# Thanks for the cake, everyone!



## electron (Aug 23, 2011)

Well, my Charge's camera started to die on me, and a call to verizon has resulted in a Droid Razr arriving at my doorstep next week. Thank you Jt, Kejar (hey, I ran gummy GBE for months







), Imnuts, nitro, and any other devs who I am forgetting. I enjoyed your work every time I used my phone.
The rest of y'all have fun and stay cool: thanks for helping me when I first started. I'll let you know what I think of the razr when I get it if you like.
Farewell, I almost think I'll miss you all.


----------



## Mikeyftp (Aug 14, 2011)

What did you say for them to upgrade to the razr? I've been having a few problems with this phone which I've had replaced quit a few times. Love the phone though.
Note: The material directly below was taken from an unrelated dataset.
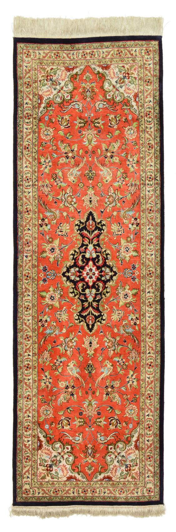 Ghom ist eine traditionsreiche, zentralperische Stadt in der Nähe von Teheran – bekannt auch als die heilige Stadt. Großen Ruhm haben speziell die Stücke aus Seide erlangt. Sie zählen zu den erlesensten und feinsten Knüpferzeugnissen der Welt und werden von langjährig geschulten MeisterknüpferInnen gefertigt. Die Motivwelten entspringen dabei vor allem der hochklassigen Architektur Persiens – so verleihen Ghoms jedem Raum eine besonders edle Note.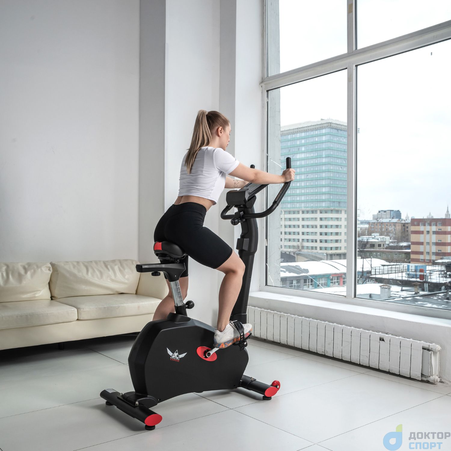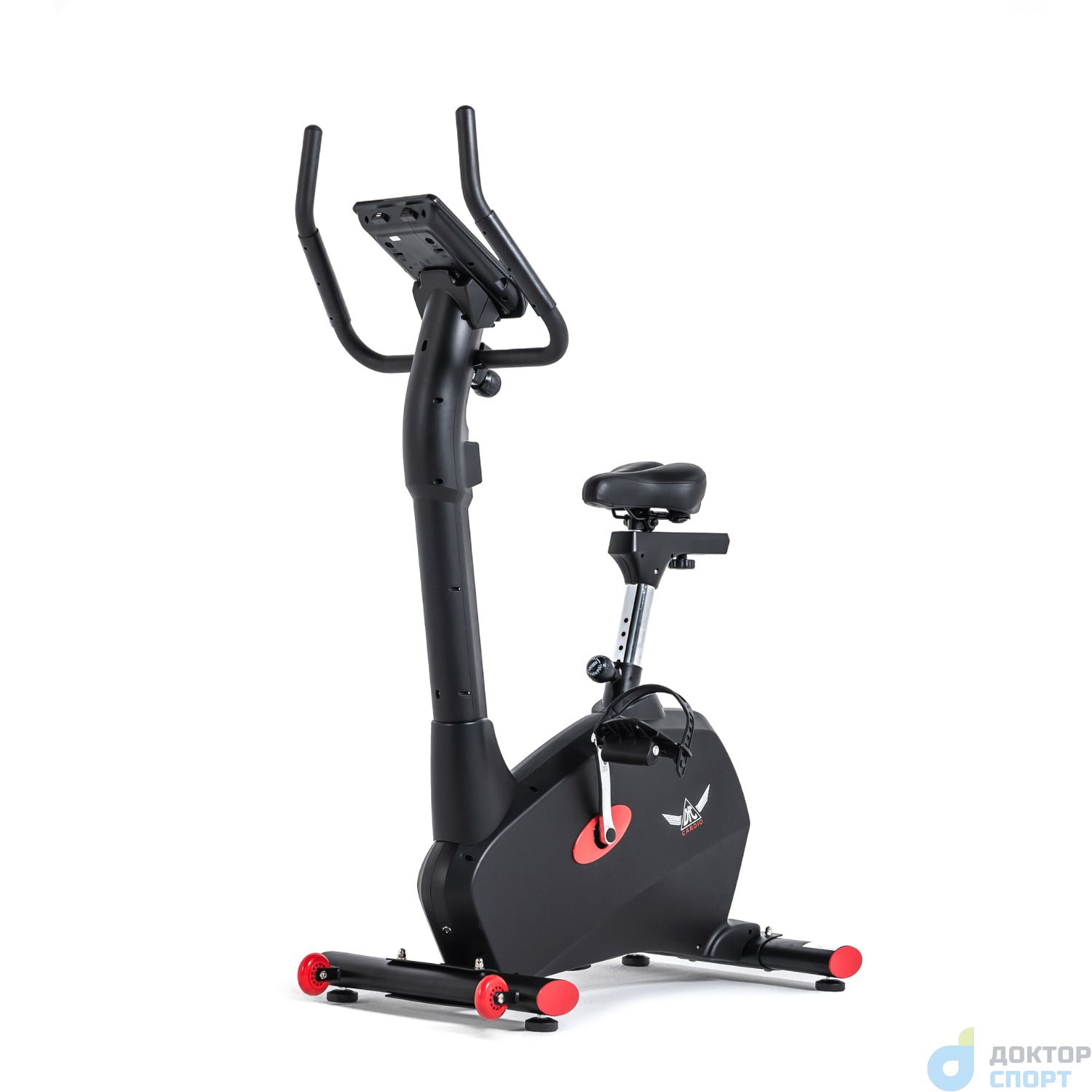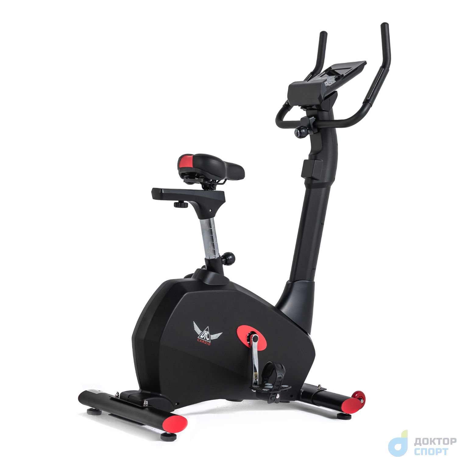 Тренажёр выполнен в стильном дизайне: бархатный чёрный цвет «разбавляют» ярко-красные вставки. Эта модель отмечена и логотипом производителя: крылатым значком DFC Cardio на боковой панели велотренажёра.

Sent from my SCH-I510 using RootzWiki


----------



## electron (Aug 23, 2011)

Mikeyftp said:


> What did you say for them to upgrade to the razr? I've been having a few problems with this phone which I've had replaced quit a few times. Love the phone though.


Figured somebody would ask this







.
I basically made it clear that, after going through 2 charges and 3 SIM cards, having a phone with a broken charger, broken camera, dying screen, and terrible GPS/3g/4g connection is absolutly unacceptable (yes, that is how much was broken). The guy I talked to said that, because my (family's) account has been in good standing with them for years, they would "make an exception for me just this once" and mail me a razr. He said it wouldn't come with a charger though, so I guess I'm on my own for that. Any ideas?


----------



## JihadSquad (Nov 2, 2011)

electron said:


> Figured somebody would ask this
> 
> 
> 
> ...


If the phone uses micro usb (which I assume it does) then the Charge charger should be sufficient.


----------



## motcher41 (Dec 19, 2011)

I went from the x2 to the charge with just a please lol I was only 3 months into my contract.


----------